▶ _EXERCISE DATA_:
● ● ● ● ● ● ●
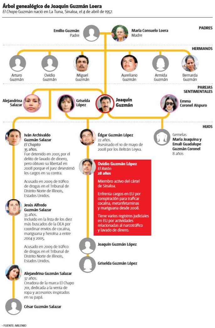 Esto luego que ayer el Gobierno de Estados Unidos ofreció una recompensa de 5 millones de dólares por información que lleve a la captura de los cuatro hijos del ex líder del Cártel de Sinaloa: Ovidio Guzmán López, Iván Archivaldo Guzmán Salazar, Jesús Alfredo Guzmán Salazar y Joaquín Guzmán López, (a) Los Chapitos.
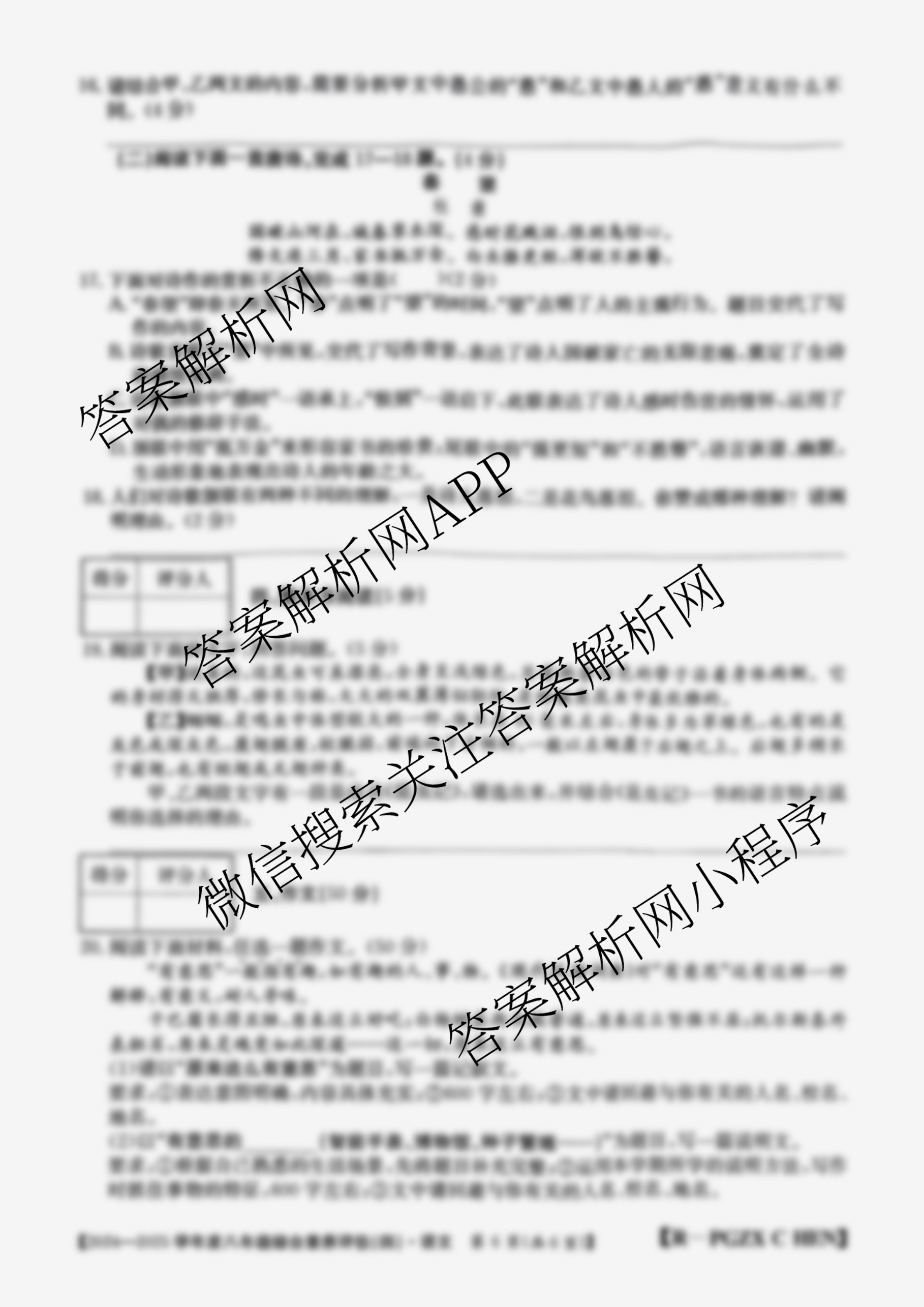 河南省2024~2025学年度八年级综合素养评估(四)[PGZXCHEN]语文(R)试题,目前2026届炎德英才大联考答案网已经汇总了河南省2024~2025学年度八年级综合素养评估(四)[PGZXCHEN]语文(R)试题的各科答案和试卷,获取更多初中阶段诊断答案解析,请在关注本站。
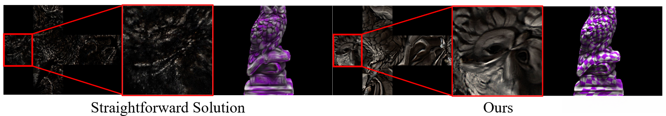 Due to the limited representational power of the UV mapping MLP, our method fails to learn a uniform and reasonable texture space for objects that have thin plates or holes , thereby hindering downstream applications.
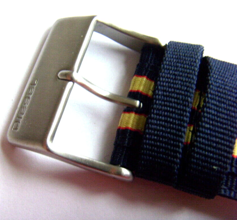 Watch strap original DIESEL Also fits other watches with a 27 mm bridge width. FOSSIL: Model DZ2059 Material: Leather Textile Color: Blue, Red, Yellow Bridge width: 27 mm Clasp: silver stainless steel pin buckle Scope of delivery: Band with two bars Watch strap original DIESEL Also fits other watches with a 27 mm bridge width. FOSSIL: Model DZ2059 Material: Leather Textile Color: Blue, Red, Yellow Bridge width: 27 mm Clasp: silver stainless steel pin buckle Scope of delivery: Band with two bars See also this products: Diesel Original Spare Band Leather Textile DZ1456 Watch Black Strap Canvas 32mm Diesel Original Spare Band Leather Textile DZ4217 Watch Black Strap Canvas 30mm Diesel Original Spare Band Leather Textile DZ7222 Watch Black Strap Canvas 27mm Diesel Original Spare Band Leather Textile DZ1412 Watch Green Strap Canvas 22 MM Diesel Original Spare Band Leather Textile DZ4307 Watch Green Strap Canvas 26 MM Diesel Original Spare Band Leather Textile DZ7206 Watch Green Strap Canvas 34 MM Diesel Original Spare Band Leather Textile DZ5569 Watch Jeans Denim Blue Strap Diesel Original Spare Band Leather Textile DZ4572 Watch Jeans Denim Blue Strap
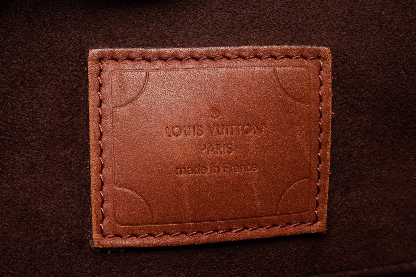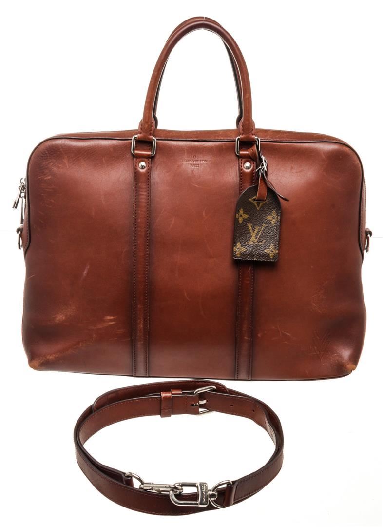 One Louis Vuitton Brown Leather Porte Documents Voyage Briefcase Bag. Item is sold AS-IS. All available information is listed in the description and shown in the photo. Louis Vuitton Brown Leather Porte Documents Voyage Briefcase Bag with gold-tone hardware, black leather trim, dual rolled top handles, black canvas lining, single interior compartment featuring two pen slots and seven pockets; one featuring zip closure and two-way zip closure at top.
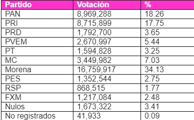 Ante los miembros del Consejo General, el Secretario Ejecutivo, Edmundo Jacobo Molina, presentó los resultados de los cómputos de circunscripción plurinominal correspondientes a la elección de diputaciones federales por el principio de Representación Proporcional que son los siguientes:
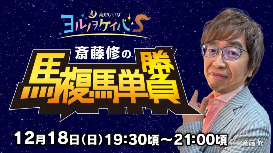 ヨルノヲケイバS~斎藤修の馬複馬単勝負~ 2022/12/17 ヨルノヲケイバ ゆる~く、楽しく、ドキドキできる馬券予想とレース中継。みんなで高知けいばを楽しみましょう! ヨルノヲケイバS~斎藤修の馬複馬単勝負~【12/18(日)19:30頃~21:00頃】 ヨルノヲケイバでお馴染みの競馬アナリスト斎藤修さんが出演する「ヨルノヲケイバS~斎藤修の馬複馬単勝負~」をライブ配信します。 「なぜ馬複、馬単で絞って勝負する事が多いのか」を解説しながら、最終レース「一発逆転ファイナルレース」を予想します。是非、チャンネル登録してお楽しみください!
● ● ● ● ● ● ●
▶ _ABOUT THIS TASK_: Write out word for word the lines above that run from the one with "Due to the limited" to the one with "DZ4572 Watch Jeans Denim Blue Strap". Include both end lines; exclude the images.

▶ _ANSWER SPACE_:
 Due to the limited representational power of the UV mapping MLP, our method fails to learn a uniform and reasonable texture space for objects that have thin plates or holes , thereby hindering downstream applications.
 Watch strap original DIESEL Also fits other watches with a 27 mm bridge width. FOSSIL: Model DZ2059 Material: Leather Textile Color: Blue, Red, Yellow Bridge width: 27 mm Clasp: silver stainless steel pin buckle Scope of delivery: Band with two bars Watch strap original DIESEL Also fits other watches with a 27 mm bridge width. FOSSIL: Model DZ2059 Material: Leather Textile Color: Blue, Red, Yellow Bridge width: 27 mm Clasp: silver stainless steel pin buckle Scope of delivery: Band with two bars See also this products: Diesel Original Spare Band Leather Textile DZ1456 Watch Black Strap Canvas 32mm Diesel Original Spare Band Leather Textile DZ4217 Watch Black Strap Canvas 30mm Diesel Original Spare Band Leather Textile DZ7222 Watch Black Strap Canvas 27mm Diesel Original Spare Band Leather Textile DZ1412 Watch Green Strap Canvas 22 MM Diesel Original Spare Band Leather Textile DZ4307 Watch Green Strap Canvas 26 MM Diesel Original Spare Band Leather Textile DZ7206 Watch Green Strap Canvas 34 MM Diesel Original Spare Band Leather Textile DZ5569 Watch Jeans Denim Blue Strap Diesel Original Spare Band Leather Textile DZ4572 Watch Jeans Denim Blue Strap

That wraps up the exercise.